For both reference guided and de novo assembly the forward and reverse complement of P reads are used as queries into a reference sequence R. For reference guided assembly an actual reference sequence is used. For de novo assembly the reads are concatenated to form the reference sequence, with each read padded to take up a whole number of bins. Candidate bins from D-SOFT are passed to the GACT array which extends and scores the alignment.
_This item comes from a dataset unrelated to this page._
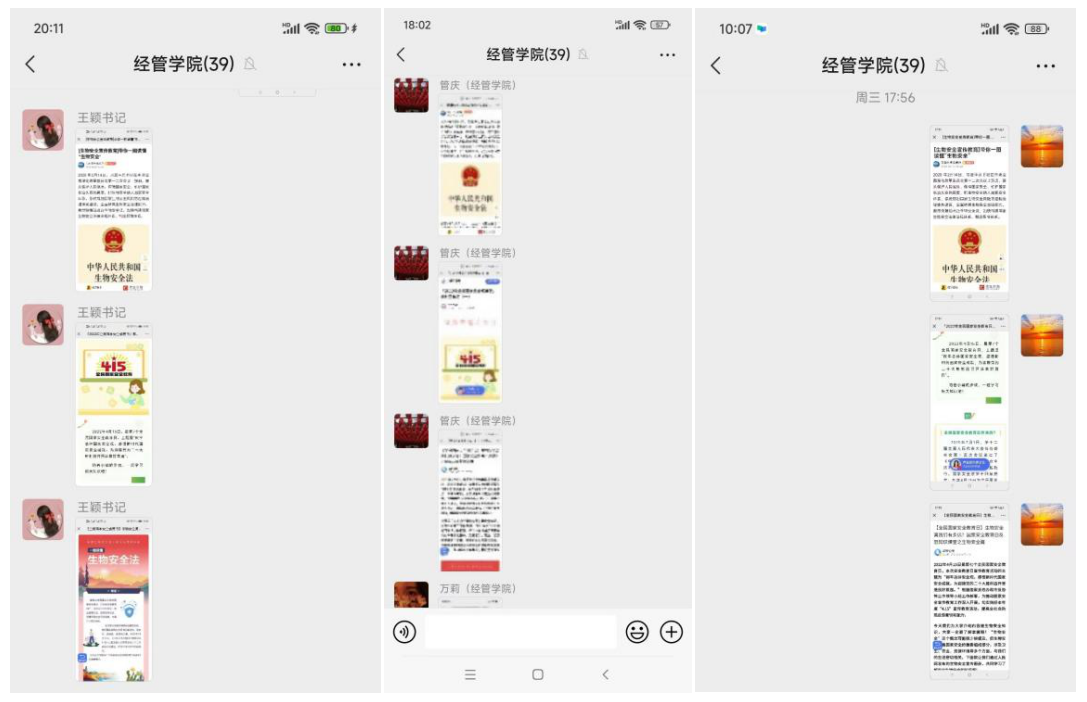 为落实学校党委宣传部《关于组织开展2022年全民国家安全日暨生物安全教育周活动的通知》的文件要求,加强师生国家安全教育,提高安全防范意识,PP电子游戏网站于2022年4月13日--15日组织全院师生开展生物安全教育周活动。全院师生通过微信群、QQ群学习党委宣传部推送的相关学习资料,并且把学习截图和学习感受上传到工作群。

The assembly algorithms are partitioned between hardware and software as follows. Software initializes D-SOFT and GACT parameters and receives candidate alignment positions from D-SOFT, which is accelerated in hardware. Align – the compute extensive step in GACT – is hardware accelerated, the remainder of the alignment step is performed in software. Software also constructs the seed position table in de novo assembly.

Evaluation

The following table compares Darwin’s performance against baseline algorithms for reference-guided assembly of the human genome using 50,000 randomly sampled reads for each of three read sets, as well as de novo assembly of a C. elegans genome and a human genome. The D-SOFT parameters in Darwin are adjusted to match or exceed the sensitivity of the baseline technique. Darwin achieves speedups of up to 15,000x!

The following chart (log scale) shows the breakdown of where all those performance gains are coming from.

ASIC synthesis was carried out using the Synopsys Design Compiler in a TSMC 40nm CMOS process. The area and power breakdown of the different components of the ASIC are shown in this table:

Darwin can operate at 847MHz (3.4x the FPGA frequency) with relatively small power consumption (about 15W). In a modern 14nm process Darwin would be much smaller (about 50mm squared vs 412mm squared) and consume even less power (about 6.4W).

Darwin’s filtering and alignment operations are general and can be applied to rapidly growing sequence alignment applications beyond read assembly, such as whole genome alignments, metagenomics and multiple sequence alignments.